Engkau melihat suaut hal menjadi tampak indah padahal kenyatannya buruk; engkau
melihat suaut hal tampak buruk padahal kenyatannya indah.
Jika ulama saja melakukan perbuatan KKN,
apalagi kita sebagai manusia tanpa gelar keagamaan. Jika ulama KKN kita mungkin
KKNKKN. Jadi wajar jika manusia berlomba-lomba untuk menjadi penguasa yang siap
disogok. Ulama buruk adalah mereka yang selalu menganggap bahwa dirinya adalah
tamu dan penguasa adalah tuan rumah.
Tetapi berbeda halnya ketika seorang
Ulama yang telah mengenakan jubah keilmuannya, dia melakukanbukan demi
penguasa, melainkan pertama dan yang paling utama karena Allah SWT. Ketika
seorang ulama berperilaku dan berjalan sepanjang jalur kebenaran, sebagaimana
yang semestinya dilakukan oleh seorang ulama, dan tidak berperilaku untuk
alasan lain, maka semua orang akan berdiri hormat kepadanya. Semua orang akan
mendapat limpahan cahaya yang memantul darinya. Segala perilaku ulama itu
selalu diatur oleh nalar dan naluri kebaikan. Dia hanya bisa hidup dalam
kebaikan sebagaimana ikan yang hanya bisa hidup di dalam air.

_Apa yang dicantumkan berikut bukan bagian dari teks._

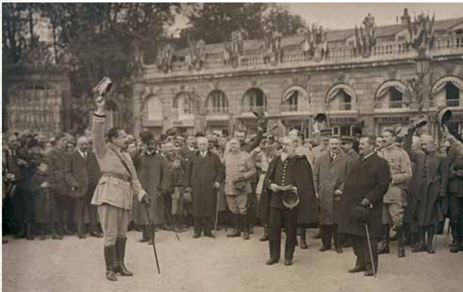
General Haller addressing the inhabitants of Nancy
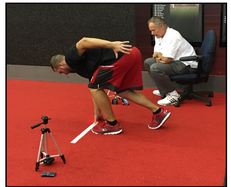
Dashr Timing system.
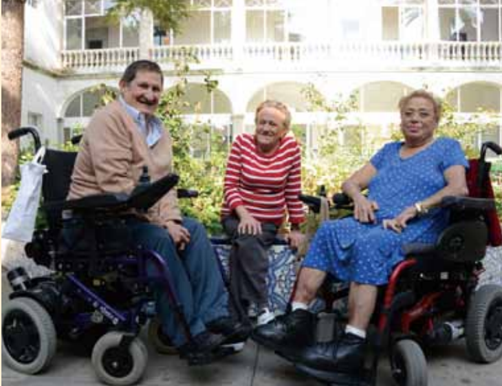
(Above) A view of Fontilles and its wall; (right) some of the 35 remaining residents

were carried out on his family members and it was found that three of his younger brothers also had leprosy.
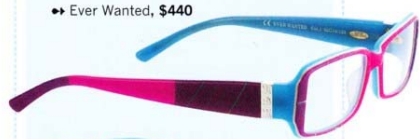
↔ Ever Wanted, $440

As an extension of Spring's rage for all things Oriental, consider a quirky pair of spectacles in fashionable neons and engraved with graphic dragons and the like. Produced by Italian company Area, the collection was inspired by its director's wife's Asian heritage – the frames are produced in limited quantities and are all hand-crafted with real silk, leaves and feathers. The 44 unique designs cost from $380-$520.
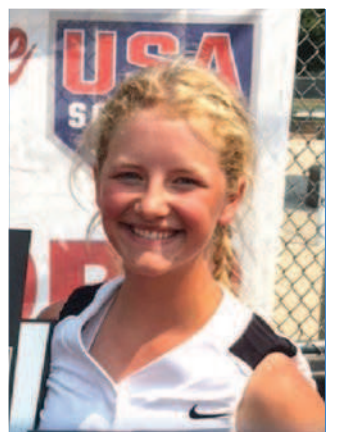
Lady Celts shine on diamond PAGE B1
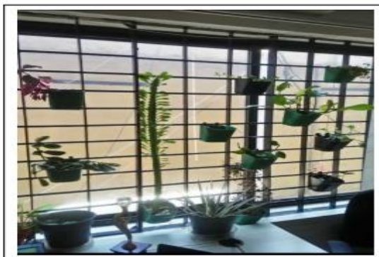
Planting tree saplings in house premises during Covid 19 Pandemic period. Date 5/6/2020

On 5 th June 2020, as part of the observance of World Environment Day, NSS volunteers were encouraged to plant tree saplings in their house premises. Cleaning of the courtyard was conducted by most of the volunteers. Total 100 volunteers were involved in this mission.
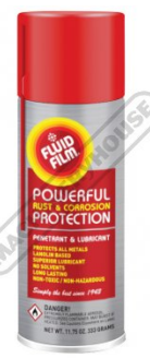
O040 Rust & Corrosion Preventive - Penetrant & Lubrication
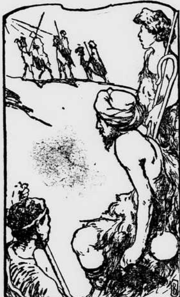
THE CAMELS OF THE WISE MEN SWEEPING BY.

Let fools with much pretense of wisdom scout The truth and wag their heads in owlish doubt Of Great Jehovah's all embracing scheme Because there is a door they stand without.

Ulama yang seperti inilah dengan segala kebijakan,
keimanan dan ketaqwaannya.yang ketika mengunjungi penguasa maka dialah yang
bertindak sebagai tuan rumah. Ibaratkan sebuah matahari yang mengubah bebatuan
menjadi rubik dan permata carnelian, mengubah gunung-gunung di bumi menjadi
tambang tembaga, emas, perak dan timah, membuat bui hijau dan segar,
menghasilkan bermacam-macam buah, sayuran, dan tanaman, Ibarat Air hujan di
tengah kemarau. Ulama seperti inilah adalah ulama yang selalu bermanffat bagi
masyarakat, yang membuat penguasa selalu menjadi tamunya.
Selama kita mengarungi kehidupan, kita
akan selalu dihadapkan oleh dua pilihan, menjadi orang baik atau orang buruk.
Gelar agama hanya pemberian masyarakat bagi mereka yang berhak untuk
menyandangnya, dan gelar agama bukan batasan untuk melakukan segala kebaikan
dan bermanfaat bagi manusia lainnya.
Referensi Bacaan :
Jalaluddin Rumi, Yang Mengenal Dirinya Yang Mengenal Tuhannya (Aforisme-Aforisme
Sifistik Jalaluddin Rumi, Penerj.
Anwar Holid, (Bandung : Pustaka Hidayah, 2000).